Rating:  Summary: Creepy Review: This book was just creepy... Reading this made me wonder if some people's lives actually are so horrible . . . I suppose they are . . . maybe even some people I know . . . after all, although Ingrid's teachers certainly suspected that something was not quite right in Ingrid's life, surely they never realized how absolutely horrific everything really was. Parts of Ingrid's life story were beyond revolting- warning: not for readers with a weak stomach.
Rating:  Summary: Really twisted family values Review: This story of a young girl's coming of age is both touching and horrifying. Ingrid is born to an attractive young couple whose world falls apart when the husband, an ex Vietnam War pilot, gets involved in a drug smuggling homicide and has to go into hiding. His absense, and the shabby conditions of her life with her mother, form the basis of a lifelong obsession with being needed by men. Ingrid's descent from precocious child to promiscous teenager to the ultimate degradation of being "dog-girl" to a satanic motorcylce cult, is told unflintchingly. Believable at every step, it is a painful and disturbing tale. Oates style is like nothing I can remember recently. I don't know if this is typical of her books (this is the only one I have read) but she takes many liberties with syntax and punctuation, yet there is no sense of deliberately trying to be literary or arty and everything about the "voice" she chooses seems appropriate. It would not be correct to say that I "enjoyed" this book, but I did find it moving, fascinating, and ultimately satisfying. I will be in search of other fiction by Joyce Carol Oates - after reading some lighter stuff first, just to get Satan's Children out of my mind.

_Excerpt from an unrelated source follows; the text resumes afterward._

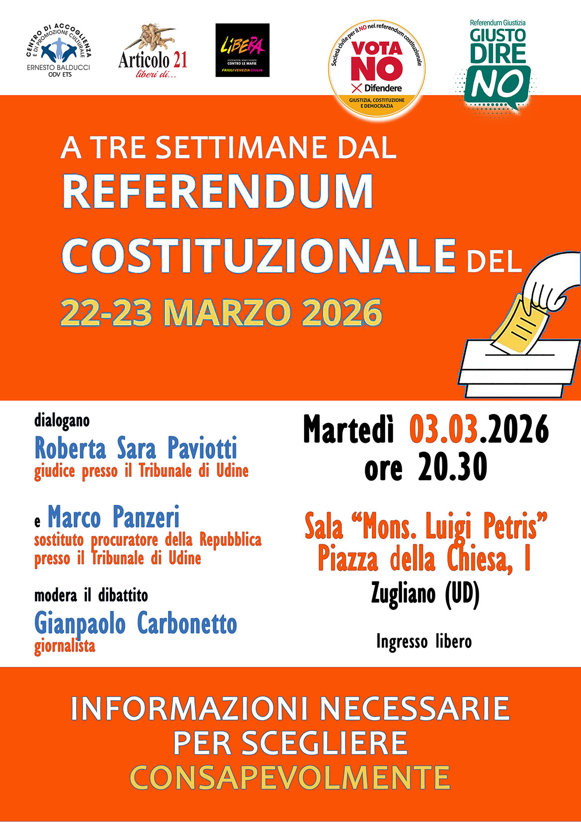 Il Centro “Ernesto Balducci” di Zugliano (UD), unitamente ad Articolo 21 Fvg e a Libera – Associazioni, Nomi e Numeri contro le mafie Fvg, ha promosso in queste settimane tre incontri per indagare le ragioni del “No” al Referendum costituzionale sulla giustizia, che ci vedrà alle urne il 22 e 23 marzo pp.vv., e ribadire quanto la riforma non punti realmente all’efficienza dei tribunali, ma metta in discussione l’equilibrio dei poteri e la tenuta stessa della democrazia.

Rating:  Summary: Women! Read This Book! Review: This was the second book by Joyce Carol Oates that I have read. I liked the theme--a girl who eventually gets over her need for men, sex, and drugs. Very female-empowering. However, the Satanic stuff is more than a little scary, and hardly necessary. It took what could have been a beautiful story, and made it disgusting, and basically evil. All the characters were pretty unlikeable: the drunk, man-using mother, the sex-aholic main character that you just wanted to slap, the abandoning criminal father, and the Satan's Children cult. Actually, the content is potentially dangerous unless you have a strong relationship with Christ.